Skincare AI - Skin Disease Detection Platform
Built an intelligent web platform that leverages computer vision and deep learning to help users identify potential skin conditions through image analysis. Developed with Next.js for a responsive frontend and Python-based Convolutional Neural Network (CNN) architecture for the backend, the platform allows users to upload skin images and receive instant AI-powered disease detection results. The system processes images through a trained CNN model that classifies various skin conditions with high accuracy, providing users with detailed insights about potential dermatological issues. The application features an intuitive user interface that guides users through the upload process, displays results with confidence scores, and offers educational information about identified conditions to promote skin health awareness.
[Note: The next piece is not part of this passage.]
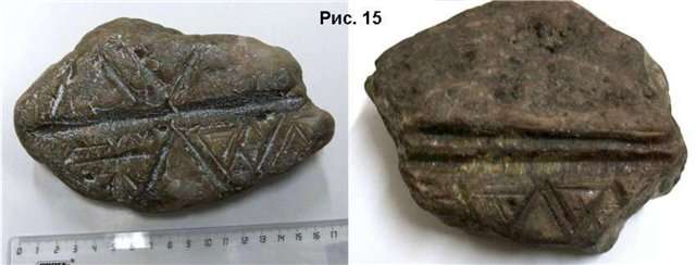 Судя по чистоте и ёмкости символов, трёхлучевой свастике (а не, скажем, крестообразной), данная информация намного старше известных нам цивилизаций, включая египетскую. Скорее всего, это – матрица, с которой в образовательных или иных целях делались оттиски на глине или подобном материале (например, лучи свастики должны быть "закручены" по часовой стрелке). Этих символов, в виде ленты или геометрической фигуры, могло быть 22. Тогда четыре треугольника на обнаруженном камне – это фрагмент Космогонии (проникновение Духа в Материю, возникновение Вселенной). Если же треугольные символы были заключены в более крупные равносторонние треугольники, то таких фигур было две, а общее число символов – 36+36 (отсюда берут начало 72 гения, 72 ангела, 72 имени Бога, 72 мудреца и т.д.). Заключённые в символах знания настолько древние и сокровенные, что стали тайными слишком давно.

The technical implementation combines modern web technologies with robust machine learning infrastructure to ensure scalability and accuracy. The Next.js frontend handles image uploads and real-time result visualization, while the Python backend processes images through a sophisticated CNN model optimized for dermatological classification. The architecture includes proper image preprocessing, model inference optimization, and API integration between the frontend and backend services to deliver fast, reliable predictions. Security and privacy are prioritized through secure image handling and user data protection, ensuring sensitive medical information remains confidential. This project demonstrates full-stack development capabilities, from creating an engaging user experience to implementing production-grade machine learning solutions for healthcare applications.